Originally submitted in the course

LING 904: Pragmatics,

Master of Applied Linguistics,

Macquarie University, Sydney, Australia.

August 1996.

  

Mark A. Bell

E-mail: m487396@Rocketmail.com

 

In October of this year I organized and administered oral mid-term examinations for my 320 first-year basic English language students at Inha University, Inchon, South Korea. I will discuss the pragmatic concepts that effected the design and implementation of their test, how pragmatic concepts shed light on the kinds of performances they produced, and how my conclusions will effect the design of their upcoming final exam. 

In 1996, the Korean Ministry of Education introduced the requirement that all freshman students be required to take one year of basic oral English Language training. This training is to be made up of two class-hours of instruction each week during the two 16 week terms. Once holidays, English department exams, non-English department exams, and university social and sports functions have been subtracted, this comes to about ten weeks of classes, with about an hour and forty minutes of class time per week.

In our department, which was set up for the first time in February this year, there are currently sixteen instructors of English conversation. Each instructor teaches up to ten classes of up to forty freshman students. I estimate the total number of students in the program to be about four-thousand. The students are drawn from a variety of mostly technical majors like Engineering, Computer-Science, and Physics. Students majoring in English Language, Literature and Linguistics are taught in a separate program.

All students in Korea receive training in English grammar and vocabulary from middle-school (Junior-High) onwards. This training is profoundly non-communicative. There is a heavy emphasis on intensive rote-memorization of vocabulary and unanalyzed phrases, and on passive, multiple choice, taped, listening examinations.
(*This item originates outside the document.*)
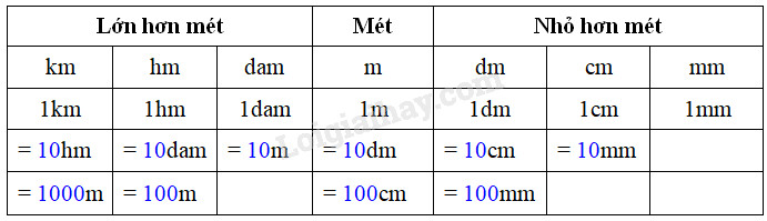 Nhẩm lại kiến thức đã học về các đơn vị đo độ dài rồi điền số thích hợp vào chỗ trống.
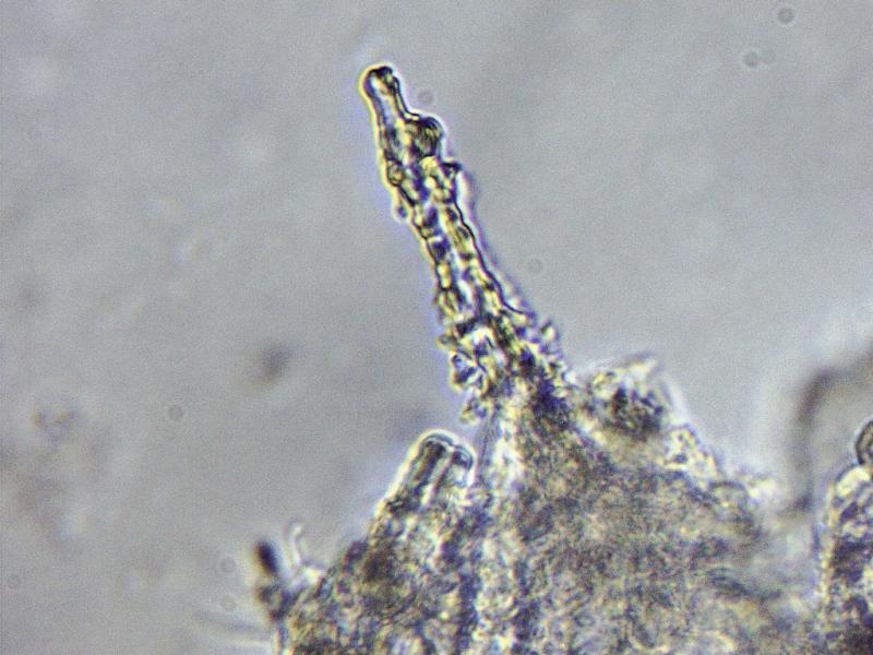 No asci, no spores... just these structures, maybe incrusted hairs??

Since it is currently illegal for high school students to study at private language schools (and most would not have time anyway), unless they have had the opportunity to travel overseas, their chances of having studied with a native speaker of English before coming to university, or of having been exposed to communicative learning activities and testing methods, are virtually nil.

I teach roughly three-hundred students broken into eight classes of about thirty-five by major. Due to the fact that none of my students is actually majoring in English, lack of student motivation is an extreme problem for me and my colleagues. Because of this, and an unfortunate choice of teaching materials by our departmental administration, the instructors have decided to develop their own separate curricula and testing procedures. Many, including myself, have decided to dispense with the set classroom texts entirely.

In the past, examinations have taken the form of taped, multiple choice or short answer listening tests. These are in the process of being phased out and replaced by some form of spoken conversation task. The number of students involved makes it impractical to hold individual student interviews, so we are experimenting with various forms of dialogue based task prepared by pairs of students.

I have argued strongly against individual interview tests both for reasons of practicality, and for several reasons related to Pragmatic concepts of Politeness, and Activity-Type.

Regardless of what role we might like our students to take on, they will still interact with their instructors from a position of deference or negative politeness (Scollon & Scollon, 1983: 166). Their assumptions about social distance and differences in relative power and status are based on twelve years of schooling, and are not going to be changed by wishful thinking on the part of their western instructors. Korea is a highly hierarchical society, and virtually all students adopt deference politeness strategies when dealing with their instructors. This is especially true for first-year students who have only recently graduated from the rigidly controlled high school system, and even more true in an examination situation. Their deference strategies include making minimal assumptions about what the instructor actually wants and what is relevant to the instructor, and in minimizing impositions on the instructor (Brown & Levinson, 1987: 70). Consequently, they are reluctant to take control of discourse. Rather than a chance to see the student practice discourse functions such as turn-taking, topic control, and fore-grounding and back-grounding of relevant information in a two sided conversation (Scollon & Scollon: 159-65), the oral interview test becomes a one-sided interrogation. This is compounded by the fact that beginning students do not have sufficient control of the modality system of English to hedge their communication with redressive forms and phrases. They know that the only utterances they have are the Bald-on-record (Brown & Levinson: 69) forms of basic sentence structure, and most lack confidence with even these.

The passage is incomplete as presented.